Homes remain the primary source of household wealth, according to the Federal Reserve’s 2019 Survey of Consumer Finances. Homeownership rates remain low, with the 2016 homeownership rate dipping to a low of 63.7% with a promising increase in 2019 to 64.9%. Primary residences account for nearly one quarter of all household assets, beating out other financial assets such as business interests and retirement accounts. The aggregate value of assets increased with age generally, but the distribution of major assets varied greatly among age, race, and ethnicity groups, says the National Association of Home Builders.
Across age groups for which households were under the age of 55 and above 75, the primary residence was the largest asset on these households’ balance sheets. For households aged between 55 and 74, the primary residence falls to the second largest asset category, following business interests and other financial assets.
Figure 3-6 shows the distribution of assets by age, race and ethnicity. For white (non-Hispanic) households, the distribution was similar to one shown in Figure 2 as white (non-Hispanic) households accounted for 69% of the sample.

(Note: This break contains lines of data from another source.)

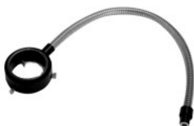
Fibre annulaire 5/8"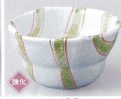
53-305-74 1,400円 ライン小鉢(大) (10.3×5.5) 505860174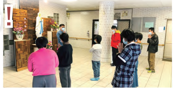
▲感謝天主，感謝聖母媽媽，感謝所有恩人，聽到我們的祈求，讓樹苗順利完銷。

未來，華光除了持續教育、訓練服務使用者培育小樹苗外，還計畫再增加多肉植物的種苗繁殖、防疫手工皂的製作等，努力提供多元課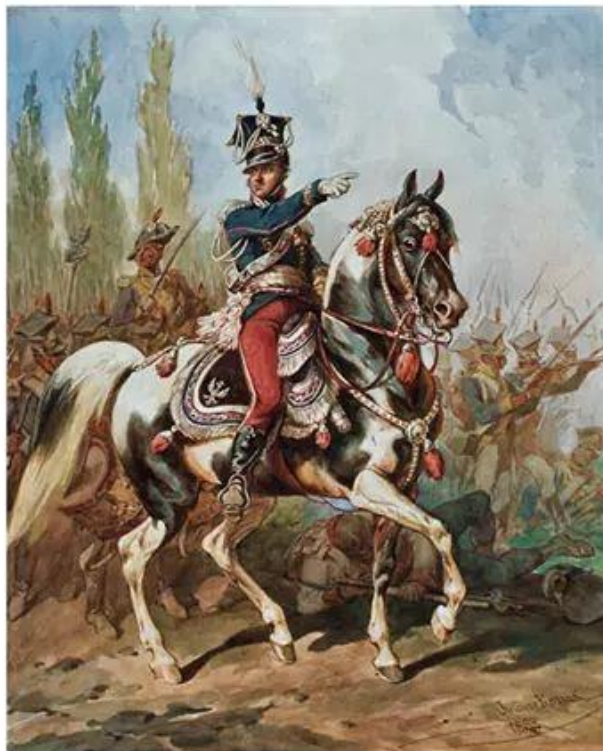
Gen. Jan Henryk Dąbrowski na czele Legionów

Hymnem Rzeczypospolitej Polski jest "Mazurek Dąbrowskiego". W 1797 roku poeta Józef Wybicki napisał "Pieśń Legionów Polskich we Włoszech", którą na cześć generała Dąbrowskiego nazwano "Mazurkiem Dąbrowskiego". Początkowo hymn składał się z 6 zwrotek, 26 lutego 1927 roku Ministerstwo Spraw Wewnętrznych ogłosiło, że jest to hymn Polski.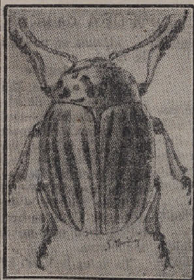
Koloradski hrošč (Naravna velikost 1 cm.)

prinesli nemški vojaki iz Francije v Piemont, nakar se je razširil tudi po Lombardiji. Nedavno je bil tudi zaznamovan v Revigu,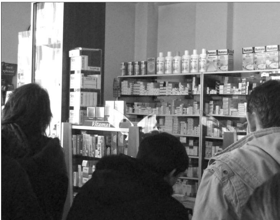
Kevesen tudják: érdemes bevinni a gyógyszertárakba a lejárt szavatosságú gyógyszereket

A kolozsvári patikusok viszont megerősítették: kijelölt gyógyszertárak vannak a készítmények gyűjtésére, és nagyon szigorú szabályok szerint kötelesek is átvenni ezeket a termékeket. Külön jegyzőkönyv szerint rögzíteni kell, milyen hatóanyagot tartalmaznak a feleslegessé vált gyógyszerek, és a tárolás, illetve elszállítás ennek megfelelően történik. A begyűjtésért felel az átvevő gyógyszerész, az adminisztrációért, a szállításért és tárolásért a gyógyszertár vezetője is: évente kétszer jelentést kötelesek tenni az ilyen módon kezelt hatóanyagokról.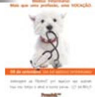
Revista MedVet; Edição Setembro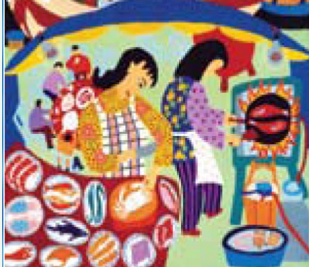
Jedna od izloženih slika pod nazivom "Noćni obrok na ulici"

-Zahvaljujem se kineskim prijateljima što žele suradnju s našom malom regijom i drago mi je da danas imamo priliku vidjeti konkretnu kulturnu suradnju- rekao je župan Jakovčić.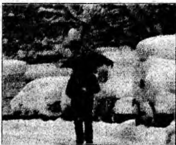
Zăpadă de primăvară

Denver - O neobișnuită furtună de zăpadă s-a abătut asupra statului american Colorado. Aeroporturile, drumurile, dar și activitatea comercială au fost paralizate din cauza zăpezii căzute în plină primăvară. Vremea nefavora-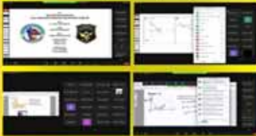
SOYAL Matematik Zümresi

Okul ortaklığı projesi kapsamında ŞOYAL & GÖBAL matematik zümrelerinin planladığı, her iki okulun öğrencilerinin katılımıyla çevrimiçi ders yapıldı.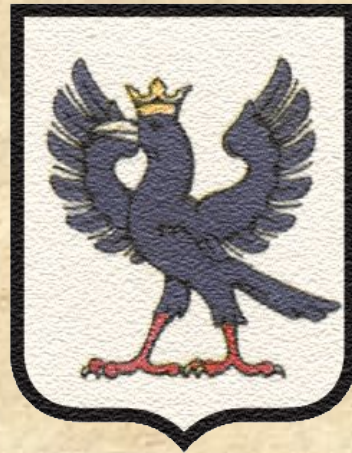
Герб м. Галич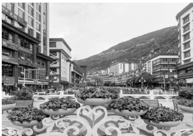
装扮一新的康定城。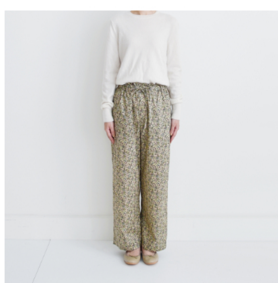
◎J111F: 『CHECK&STRIPEのおとな服 ソーイング・レメディ―』(文化出版局) フローラルパンツ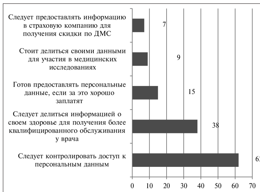
Рис. 7. Мнение относительно доступа к персональным медицинским данным, в % (n = 380)

Поскольку тренд цифровой медицины охватывает развитие облачных технологий для хранения массивов данных, а так-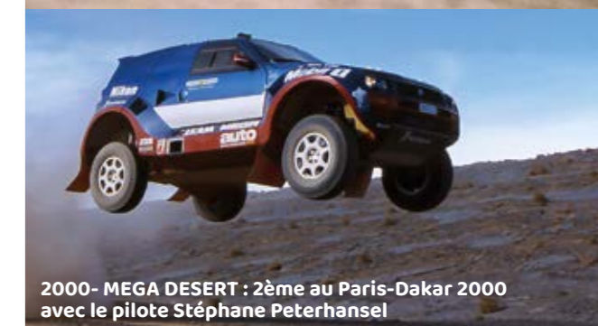
2000 - MEGA DESERT : 2ème au Paris-Dakar 2000 avec le pilote Stéphane Peterhansel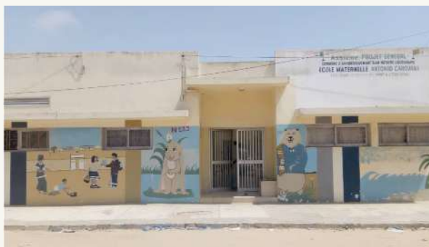
Campaña de ayuda ante la crisis humanitaria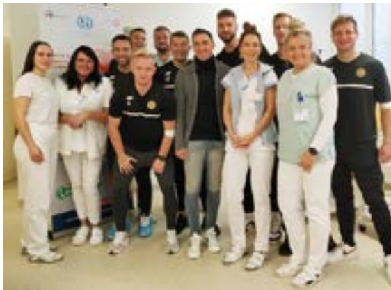
FK ISMM Město Albrechtice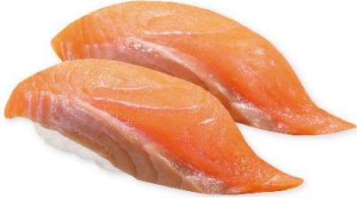
【北海道産】北海道サーモン 240円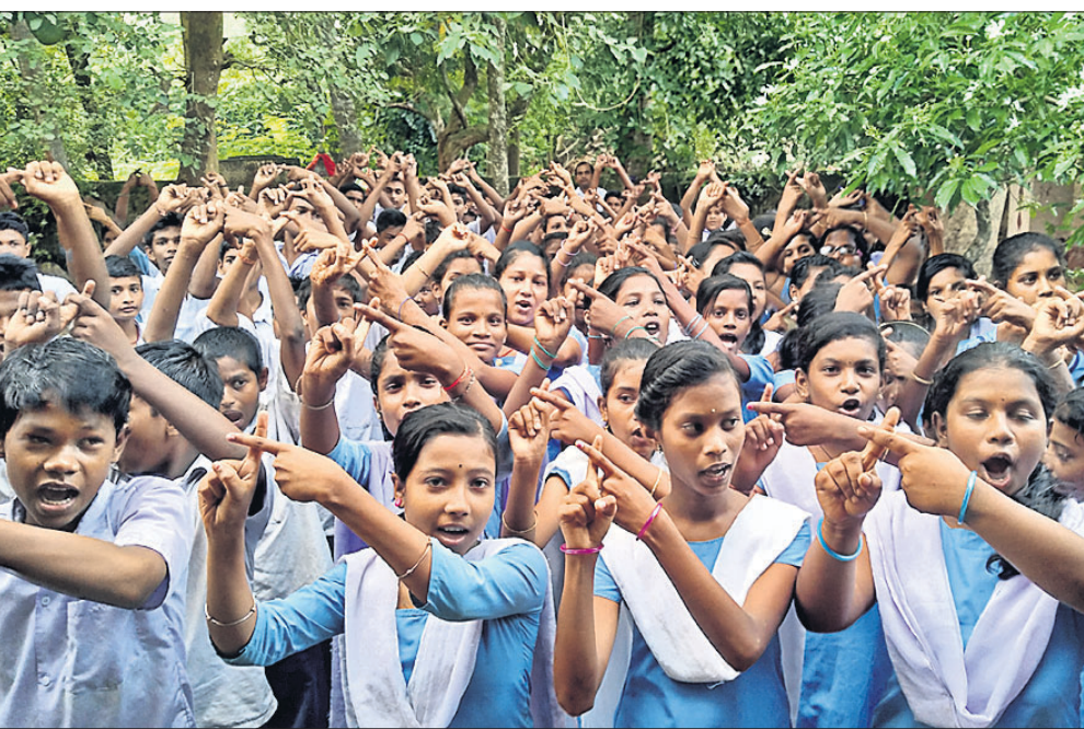
ପ୍ଲାଷ୍ଟିକ ପୁସ୍ତକ ଓଡ଼ିଶା ଅଭିଯାନରେ ସାମିଲ ହୋଇଥିବା ଛାତ୍ରଛାତ୍ରୀ।

ବର୍ଷା ପବନ ଯୋଗୁ ଫୁଟୁପାଠି ବ୍ୟବସାୟୀମାନେ ହାନିଗ୍ରା ହୋଇଛନ୍ତି। ସେମାନଙ୍କ ଅସୁବିଧା ପ୍ରସଙ୍ଗରେ ବ୍ୟବସାୟୀମାନେ ପ୍ରତିବାଦ କରିବାକୁ ହେଲେ ସମ୍ପଦ ବିଭାଗ ଦେଖାଇବାକୁ ପଡ଼ିଛି।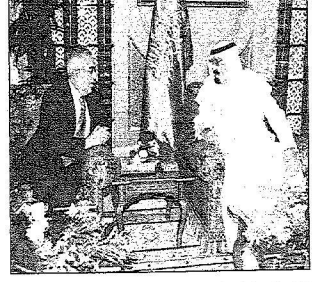
المليك خلال محادثته مع رئيس الوزراء الفلسطيني، ب. قباوض

المليك يعقد جلسة مباحثات مع رئيس الوزراء الفلسطيني ويحتفي به في الجنادرية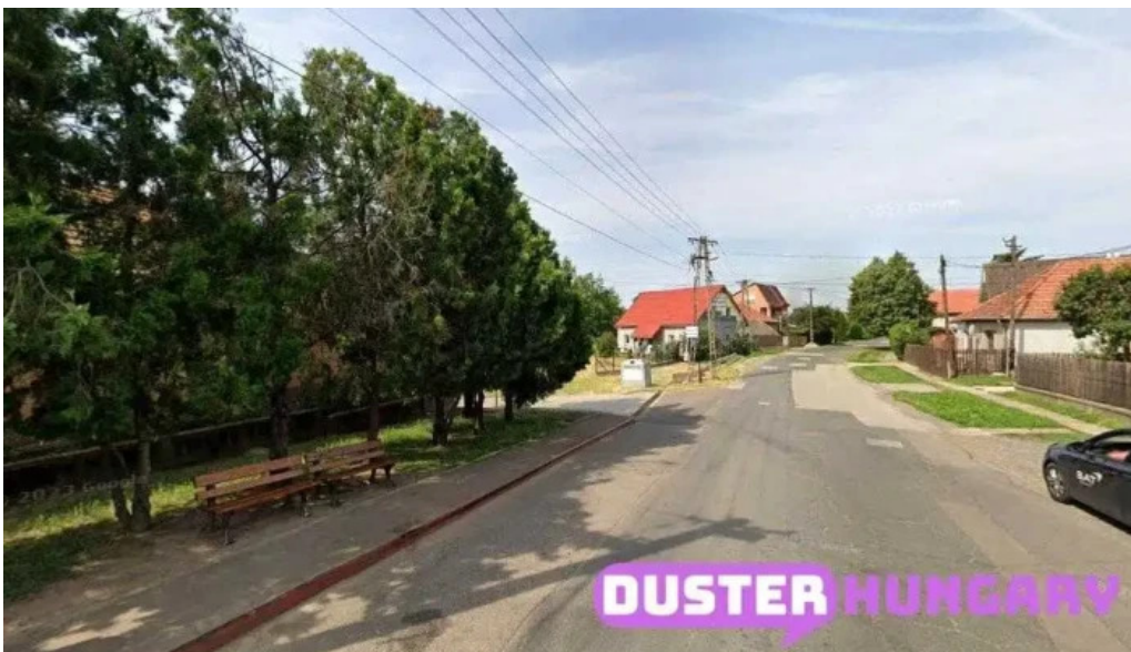
Karacsond községközpont karacsond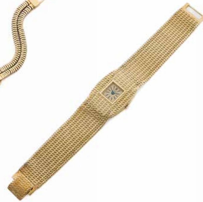
79 PIAGET Réf. 9149, No. 80800 Vers 1962

Montre bracelet de dame en or jaune 18k (750) Boîtier : coussin, fermeture à vis, signé Cadran : crème, index « bâton », signé Mouvement : mécanique, signé Bracelet : ruban en or, fermoir signé Tour de poignet : approx. 15 cm Dim. 23 x 22 mm Poids brut : 55,00 g Uniquement 4 pièces furent produites entre 1961 et 1962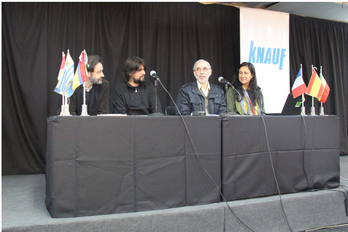
Inauguración de la Semana del Sonido Rosario 2015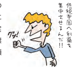
低税率国へ利益を集中させるんだ!!

おじいさんは、しばらくうなづいていましたが、ある疑問を口にします。「タックスヘイブンで節税...そこまでしておカネを貯めて、わしらはどうなる?」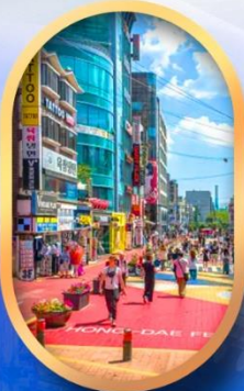
ช้อปปิ้งย่านองแด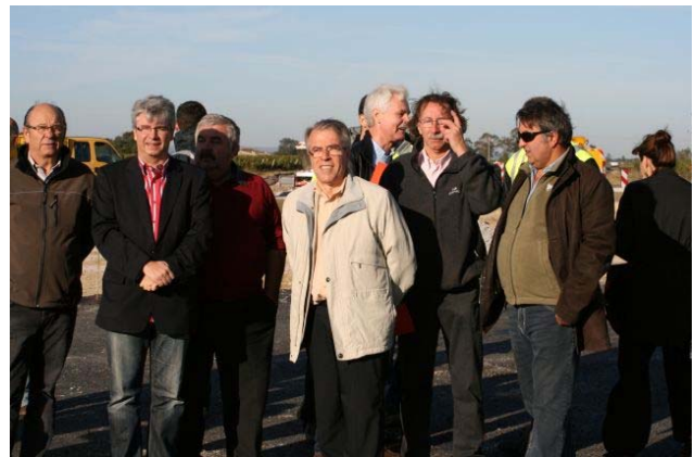
Lors de la visite de chantier

Démarré au mois d'août, le rond point situé à la sortie ouest du village est enfin opérationnel. Le giratoire permet de sécuriser l'entrée ouest de la commune et facilitera les accès à la future ZAC communale et à Raissac sur Lampy lorsque la déviation sera opérationnelle.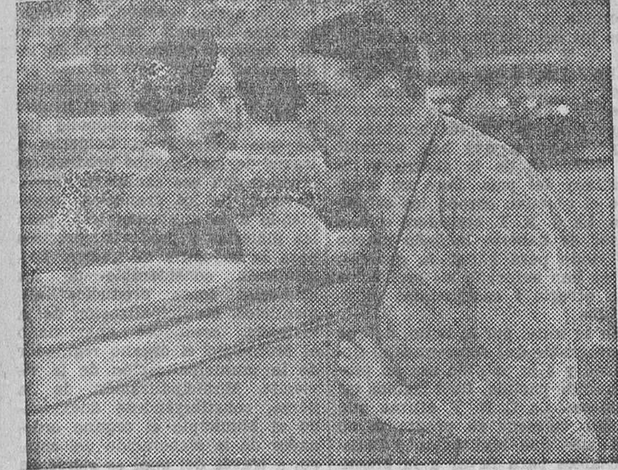
Una escena de la película «Al compás del corazón», que mañana se estrenará en el cine Avenida

Tanto uno como otro caso no representan peligro serio todavía; el momento álgido pasó; aquel instante heridos que nos devolvían los frentes de lucha.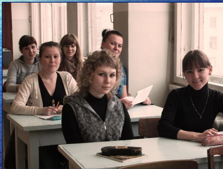
Лекция «Химия природных вод»

Студенты старших курсов выполняют дипломные работы по различным темам на базе кафедры, института водных проблем Севера, КНЦ РАН института биологии.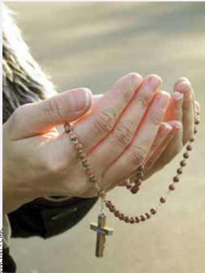
VINCENT - CIRIC

Pour trouver ou créer une équipe du rosaire , vous pouvez vous adresser à votre curé ou à Marie Dubreuil, 03 44 59 02 14. Pour créer une équipe, il suffit de trois ou quatre personnes qui désirent méditer, prier et partager; et puis d'ouvrir à tour de rôle sa maison pour accueillir les membres de l'équipe.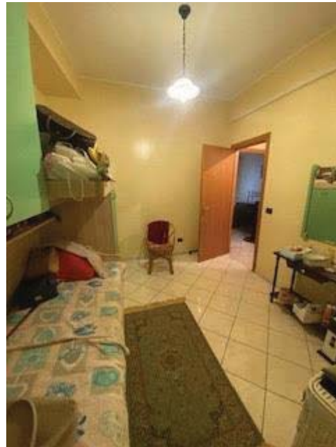
Camera da letto uso singolo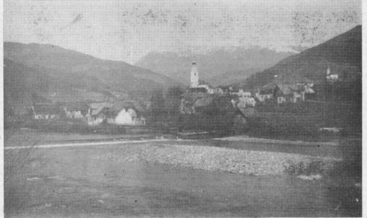
Vlagali smo, vlagamo, naši biseri pa samevajo!

J. KOGOVSÉK: »Smatram, da bi s takim skladom edino reševali to vprašanje, ker smo doslej ta sredstva drobili — pravega efekta pa ni bilo. Tako imamo veliko počitniških domov, ki so preživel svojo vlogo, ker bi se jih morali posluževati vedno isti ljudje. Za rekreacijske centre, ki bi bili širokega tipa, pa nimamo sredstev.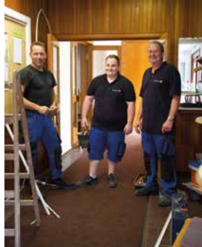
Elektriker der Firma Christens

Neben Größe und Effizienz der neuen Heizgeräte, ist der wichtigste Vorteil, dass sie sich viel leichter und aus der Ferne

A critical finding was that the primary residence was the largest asset for black/African American (non-Hispanic), Hispanic/Latino and Other or Multiple race3 groups in all age groups. The only exception was for households aged between 64 and 75, for which the share of primary residence was approximately equal to the share of other financial assets. And most primary residence shares in these three racial and ethnic groups were higher than 30%, indicating that household wealth for these groups heavily relied on the value of primary residence, especially for Hispanic/Latino households.